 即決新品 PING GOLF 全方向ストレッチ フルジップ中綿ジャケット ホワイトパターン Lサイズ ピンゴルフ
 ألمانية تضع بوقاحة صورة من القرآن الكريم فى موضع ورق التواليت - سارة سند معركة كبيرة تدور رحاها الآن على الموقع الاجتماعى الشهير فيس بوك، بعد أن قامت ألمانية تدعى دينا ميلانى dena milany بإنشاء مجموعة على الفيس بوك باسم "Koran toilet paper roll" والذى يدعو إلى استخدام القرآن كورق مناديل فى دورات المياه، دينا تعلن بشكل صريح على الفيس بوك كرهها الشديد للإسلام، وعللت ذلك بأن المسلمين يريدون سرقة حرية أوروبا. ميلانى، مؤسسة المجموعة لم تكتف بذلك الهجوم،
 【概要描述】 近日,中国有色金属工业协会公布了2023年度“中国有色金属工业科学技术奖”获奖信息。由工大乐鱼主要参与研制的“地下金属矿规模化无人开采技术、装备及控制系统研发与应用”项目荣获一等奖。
---
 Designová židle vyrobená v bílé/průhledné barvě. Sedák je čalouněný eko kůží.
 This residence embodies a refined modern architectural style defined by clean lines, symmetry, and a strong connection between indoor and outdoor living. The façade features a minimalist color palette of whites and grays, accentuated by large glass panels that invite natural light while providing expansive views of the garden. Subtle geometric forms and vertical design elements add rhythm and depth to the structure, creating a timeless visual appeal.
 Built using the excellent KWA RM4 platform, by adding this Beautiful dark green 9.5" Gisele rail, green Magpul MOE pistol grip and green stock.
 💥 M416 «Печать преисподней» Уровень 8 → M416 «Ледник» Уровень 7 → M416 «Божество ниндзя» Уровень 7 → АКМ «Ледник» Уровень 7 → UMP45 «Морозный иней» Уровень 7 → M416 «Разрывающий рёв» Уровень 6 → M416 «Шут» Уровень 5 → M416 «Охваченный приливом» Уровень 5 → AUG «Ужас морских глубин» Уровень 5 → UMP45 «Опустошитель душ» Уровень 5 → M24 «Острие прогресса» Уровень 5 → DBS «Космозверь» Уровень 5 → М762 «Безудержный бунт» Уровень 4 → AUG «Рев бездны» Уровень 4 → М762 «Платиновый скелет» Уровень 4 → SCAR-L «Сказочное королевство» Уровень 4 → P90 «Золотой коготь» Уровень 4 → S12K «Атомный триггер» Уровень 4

** Exercise objective **
Word for word, restate the lines above from the line containing "Designová židle vyrobená" through the line containing "Уровень 8 →", with both included and nothing else.

** Written solution **
 Designová židle vyrobená v bílé/průhledné barvě. Sedák je čalouněný eko kůží.
 This residence embodies a refined modern architectural style defined by clean lines, symmetry, and a strong connection between indoor and outdoor living. The façade features a minimalist color palette of whites and grays, accentuated by large glass panels that invite natural light while providing expansive views of the garden. Subtle geometric forms and vertical design elements add rhythm and depth to the structure, creating a timeless visual appeal.
 Built using the excellent KWA RM4 platform, by adding this Beautiful dark green 9.5" Gisele rail, green Magpul MOE pistol grip and green stock.
 💥 M416 «Печать преисподней» Уровень 8 → M416 «Ледник» Уровень 7 → M416 «Божество ниндзя» Уровень 7 → АКМ «Ледник» Уровень 7 → UMP45 «Морозный иней» Уровень 7 → M416 «Разрывающий рёв» Уровень 6 → M416 «Шут» Уровень 5 → M416 «Охваченный приливом» Уровень 5 → AUG «Ужас морских глубин» Уровень 5 → UMP45 «Опустошитель душ» Уровень 5 → M24 «Острие прогресса» Уровень 5 → DBS «Космозверь» Уровень 5 → М762 «Безудержный бунт» Уровень 4 → AUG «Рев бездны» Уровень 4 → М762 «Платиновый скелет» Уровень 4 → SCAR-L «Сказочное королевство» Уровень 4 → P90 «Золотой коготь» Уровень 4 → S12K «Атомный триггер» Уровень 4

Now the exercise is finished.